Other emergency workers converged on the window, and Gretchen looked at the opening.
The detective followed her gaze, and his face hardened.
'Not a rifle shot from the street,' he observed.
'No.' Gretchen had already deduced as much. Whatever had blown through the shop window cast a wider path of destruction than a rifle would. She studied the ruin that had once been a display case. Burned up. The room boxes were charred beyond recognition.
'A jar of gasoline?' she asked. 'Or two? There were two explosions.'
'We'll find out.'
Red tape, yellow tape, crime scene experts, reports, interviews. The next hour was lost in speculation and repeating details of the blast. Matt arrived, striding quickly through the debris. 'Did anyone call for an ambulance?' he asked the technicians working the scene.
'We aren't injured,' Gretchen answered for them, hiding the cuts on her arms by crossing them.
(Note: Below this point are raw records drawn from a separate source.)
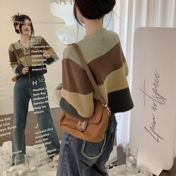 シックなカラー配色のマルチボーダーが大人っぽいニットトップス。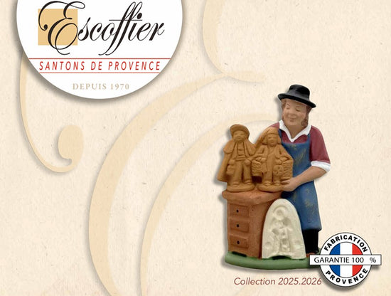 L’ensemble des collaborateurs de la famille Escoffier travaille à Aubagne et alentours dans l’authenticité de la création santonnière. Certifiée par le label Santons de Provence, la production Escoffier offre depuis trois générations la qualité constante à sa juste valeur : la valeur de la création et de la fabrication à la main, la valeur de gestes sûrs, précis, minutieux, jamais standardisés, par la grâce desquels chaque santon est unique.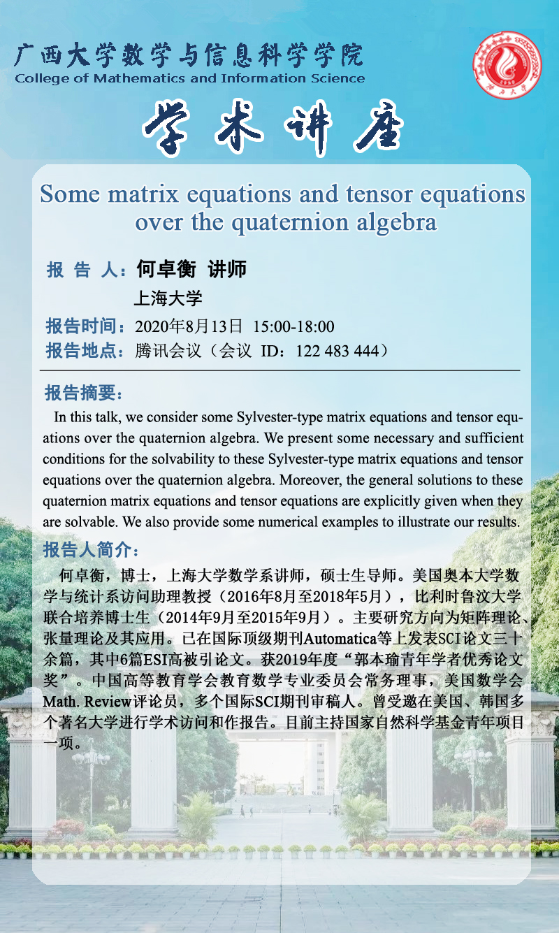 下一條:數(shù)信學(xué)院學(xué)術(shù)海報(bào):《Hilbert 空間中的稀疏表示系列講座》兩場(chǎng)

'I want to make sure,' he insisted. 'You should be examined.'
April grinned widely behind him, smudges of soot on her round face. Gretchen could almost hear her offering to go first, but she remained silent. In a less stressful situation, she wouldn't have missed
'I'll refuse to get into the ambulance,' Gretchen said firmly. 'I really am fine.'
'How about everyone else?'
'We're fine,' Gretchen insisted. The other women nodded. Matt opened his mouth to argue but must have decided it was a hopeless cause, because he walked away to confer with the firefighters instead. Gretchen noticed that he avoided looking directly at any of the doll cases. Every few minutes Nina checked on Tutu and Nimrod, then nervously paced on the sidewalk outside the shop.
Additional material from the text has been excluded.